Tidak sulit bagi mereka yang pernah berinteraksi lama dengan Rahmat Abdullah untuk menyimpulkan bahwa beliau adalah simbol spiritualisme PKS.

Spiritualisme adalah kata kunci menjelaskan dan merangkum sifat-sifat utama beliau: ikhlas, zuhud, wara’, tawadhu’, shidiq dan cinta. Tampak luar dari semua sifat itu adalah kelembutan. Dan itulah yang kita rasakan dalam setiap interaksi dengan beliau: selalu ada canda, selalu ada kehangatan, selalu ada kegembiraan, selalu ada cinta. Tapi semua terengkuh dalam nuansa spiritual yang kental. Jiwanya seperti ruang besar yang dapat menampung semua karakter. Karena itu anak-anak muda dengan berbagai karakter merasakan ketenangan batin saat bersama beliau: semacam limpahan kasih sayang yang tak pernah habis. Dalam halaqahnya berkumpul para intelektual, pengusaha, aktivis sosial dan lainnya. Dan yang unik, seorang murid beliau yang memiliki latar belakang kehidupan anak-anak tentara yang keras dan kasar mengatakan bahwa hanya karena kelembutan beliau saya bisa bergabung dengan dakwah ini. Mungkin itu sebabnya para kader lantas menjuluki beliau sebagai Syekh Tarbiyah.

Kita juga merasakan sentuhan spiritualitas yang kuat itu ketika beliau membacakan doa dalam demonstrasi-demonstrasi mendukung perjuangan saudara-saudara kita di Palestina, Irak, Afghanistan dan lainnya. Isi doa-doa beliau merefleksikan hati penuh makrifat pada Allah swt. Makrifat itulah yang menyentuh dan menundukkan hati kita pada Allah swt: tiba-tiba saja hiruk pikuk demo berubah menjadi majlis zikir yang khusyuk, dan teriakan-teriakan perlawanan berubah jadi tangis jiwa yang pilu bertawakkal.

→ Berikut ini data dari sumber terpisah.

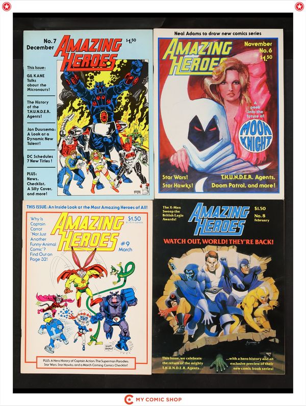 Issues 6, 7, 8, 9 of Amazing Heroes (1981). Most will grade in the FN to FN/VF range.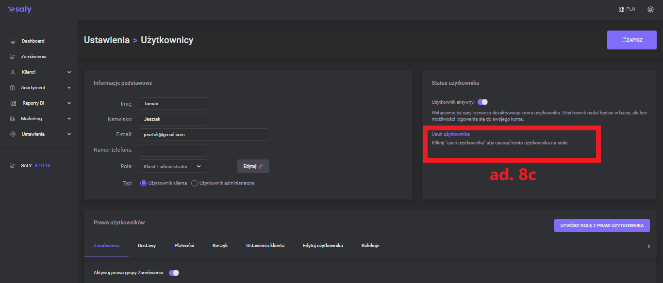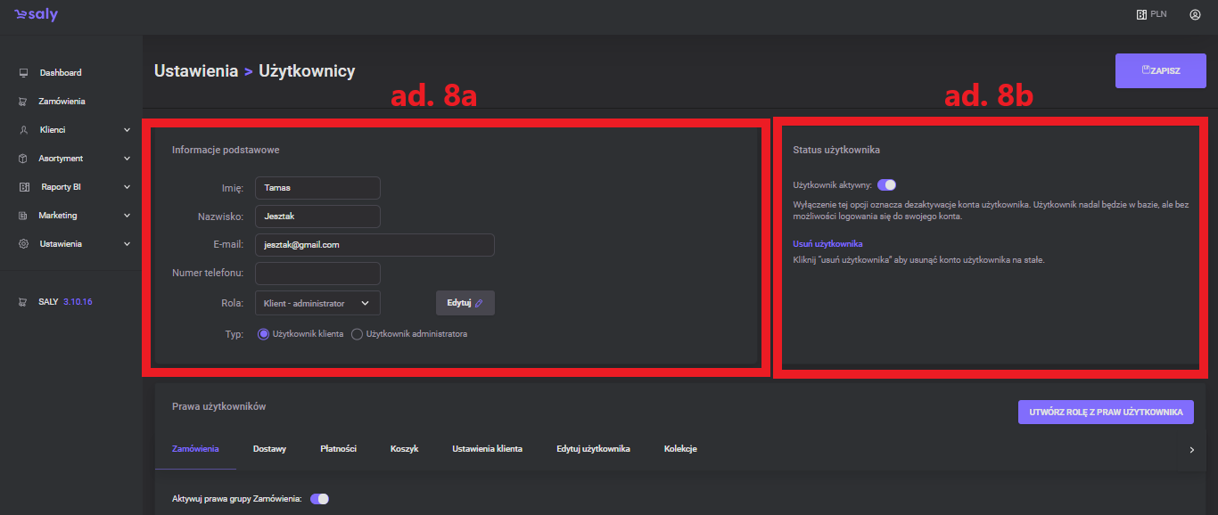 Basic data editing. To edit basic user information (contact details, role and user type), enter or select appropriate data from the drop-down list, and then press the Save button in the upper right corner.

Ketika sifat-sifat utama dibawa kedalam kerja-kerja dakwah yang bersifat struktural dalam kerangka amal jama’i, beliau selalu bisa bekerjasama dengan semua orang. Sifat-sifat utama itu mungkin tidak selalu kompatibel dengan jabatan-jabatan struktural yang memerlukan keterampilan manajerial dan tehnis. Tapi sifat-sifat itu efektif menyatukan orang-orang dengan potensi tehnis. Karena itu, mungkin prestasi terbaik beliau adalah ketika beliau menduduki posisi sebagai ketua bidang kaderisasi di DPP sebelum akhirnya menduduki posisi sebagai ketua MPP. Disana anak-anak muda dengan kemampuan tehnis dan manajerial yang bagus menjadi sebuah tim kaderisasi yang kompak dibawah bimbingan seorang syekh yang mengayomi dengan lembut, dan berhasil mentransformasi kerja-kerja tarbiyah kedalam kerangka institusi dengan landasan sistem yang kokoh. Warisan inilah yang merupakan salah satu penjelasan tentang lompatan besar dalam sistem dan kemampuan kerja tim kaderisasi PKS.

Rahmat Abdullah telah pergi merengkuh takdir sejarahnya justru ketika dakwah ini sedang memasuki babak baru dengan tantangan-tantangan baru. Menghabiskan seluruh usia produktifnya dalam perjuangan dakwah, Rahmat Abdullah telah meninggalkan ruang kosong yang besar: simbol spiritualisme dakwah kita yang selalu menghadirkan cinta dalam semua kerja dakwah. Para pencinta adalah pemilik ruh yang lembut. Rahmat Abdullah adalah ruh yang lembut: lembut seluruh hidupnya, lembut cara perginya.